This is my first open source contribution so if I missed anything please let me know and I'd be happy to correct it.
This commit comes from my use case where certain groups in my sitemap.rb take hours to run, even longer in development. This made testing sitemap generation an issue.
In many cases I would want to run everything but the very slow groups. In some cases I would want to test run only the groups I modified. My workaround was to comment out unwanted groups but since my sitemap.rb was several hundred lines it became cumbersome.
My solution is to add rake task options so that only the groups I want generated get run e.g.
rake sitemap:refresh:no_ping EXCLUDE=very_slow_group to skip the long running groups.
rake sitemap:refresh:no_ping EXCLUDE=very_slow_group
rake sitemap:refresh:no_ping ONLY=newly_modified_group to only run modified groups.
rake sitemap:refresh:no_ping ONLY=newly_modified_group
Groups that are skipped are printed like:
! group "very_slow_group" not processed - not included in ONLY option
! group "very_slow_group" not processed - not included in EXCLUDE option
My implementation was to essentially piggyback off the VERBOSE option definition.
Thank you and I appreciate any feedback you can give me.
Add `only` and `exclude` options to conditionally generate only speci…
This is exactly what I was looking for. My only concern is with the sitemap_index generated.
Let's say I have two groups called stores and contents, and I've previously generated two sitemaps for the stores group.
If I use the onlyoption with the stores group, and the new size of URLs generates 3 sitemaps, what will happen with the sitemap index? Will it be updated with the 3 sitemaps associated to the storesgroup? Will it include the sitemaps associated to the contents group (which were not generated this time)?
Yeah the kicker is what happens to the index. If you have a group which you don't want to run very often, but you still want included in the index, then you kinda need to detect and include the existing sitemap files (without regenerating them). This isn't out of the scope of possibility. Since we would have all the info about file locations and naming convention etc. The group could cycle through its files and if the file exists, add it to the index. This would be a useful feature but would have to be coded in a way that is easy to use. Since it's so easy to use ENV variables in ruby I'm reluctant to add much built-in support for special variables, unless they are very useful and take into account normal use-cases.
I think I have an easier solution which uses multiple sitemap configs rather than conditional code execution. I'll post more about it but the gist of it is to generate all your slow groups into a directory or their own, and have them in their own configuration, with create_index = false, so no index is written for them.
Then in your "regular" config you generate your sitemaps as per usual and then add each of the files from the slow group's directory to the index manually using the add_to_index() method.
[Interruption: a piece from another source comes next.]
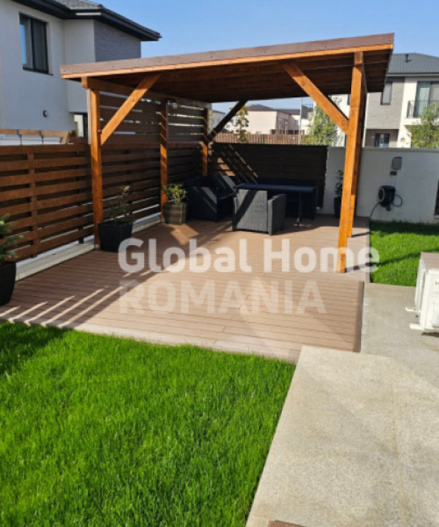 Apartamentul beneficiaza de o gradina superba de 140MP cu sistem automat de irigare si terasa proprie cu foisor din lemn.

You can add the files by iterating over them and calling that method for each one, so it is dynamic and will add whatever files happen to be there.
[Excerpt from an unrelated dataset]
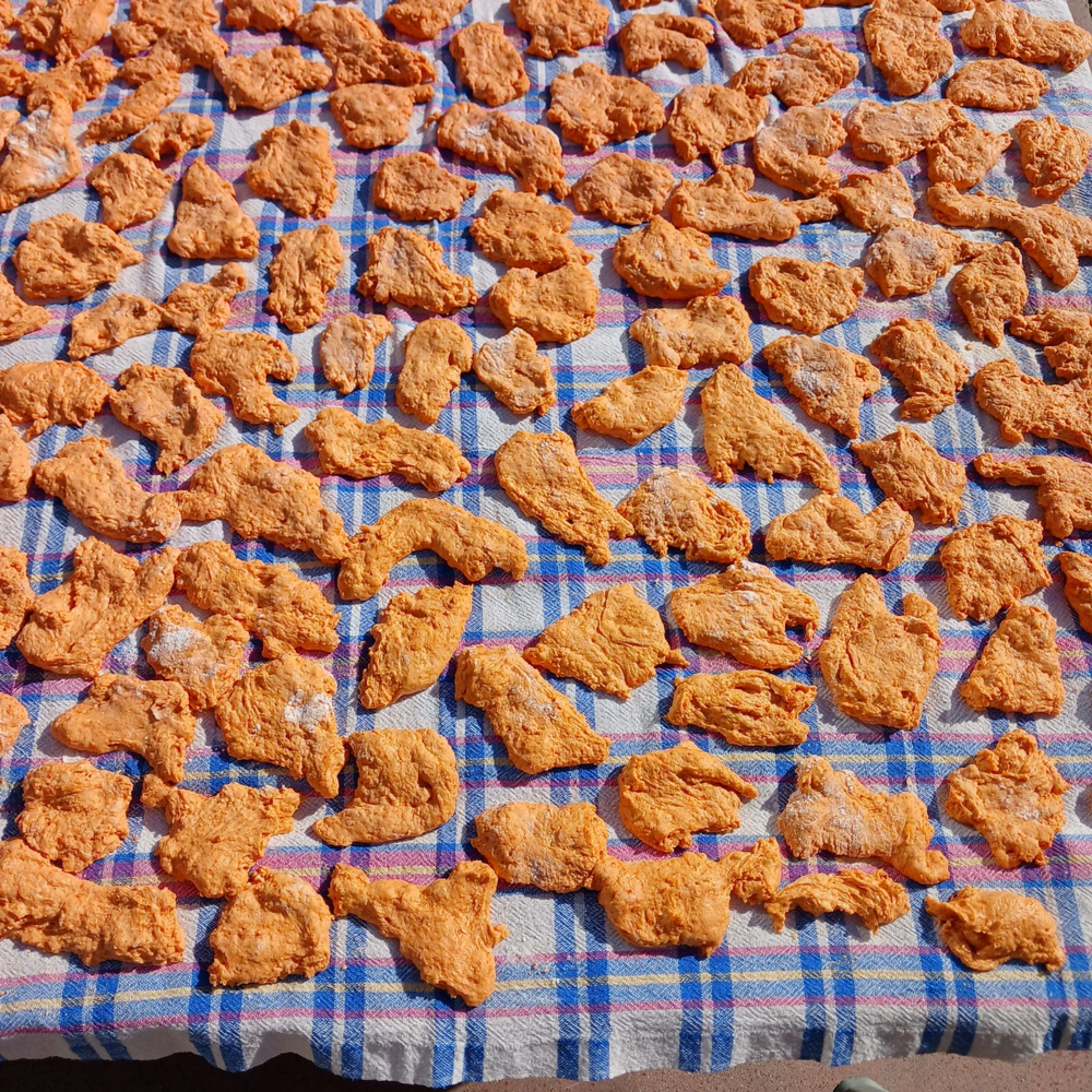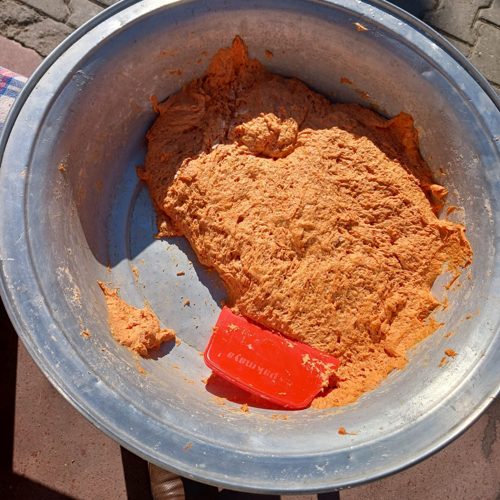 Hazırlanan hamur, serin ve karanlık bir yerde birkaç gün mayalanmaya bırakılır. Mayalanan hamur, küçük parçalara ayrılarak temiz bir bez üzerine serilir ve gölgede kurutulur.

Interesting solution, and I think it could be generalized to all groups (not just the slow ones you mentioned above). Tell me if I'm wrong, but if you set create_index = false to all groups, and then use add_to_index() manually for all groups (iterating the same way you mentioned), you can regenerate any group you want (even using the only and exclude options), and the sitemap index would be built from scratch every time.
@sivicencio that seems about right. However the create_index option doesn't really have any effect within groups per se. By that I mean that groups don't control index creation, but they do participate in it by having their files added to the index. Unfortunately whether or not the index is actually written out, links are added to it as if it were to be written out, then at the end we make the decision to write it out. So if you were to use add_to_index() to add a bunch of links, and then used a group() which created a bunch of files, I think those links would be added again, so there would be dupes. The reason I did it that way is because I needed to know what was generated in order to print out the summary lines and the index is where all that info resides...so a bit of a poor design choice, but not the end of the world. But what I see one could do is something like the following. You break up the index and group creation into separate create() blocks:
# Generate groups prior to index
SitemapGenerator::Sitemap.create(:create_index => false) do
group(:filename => 'slow_group') do
group(:filename => 'slower_group') do
loop through files like 'slow_group', 'slower_group'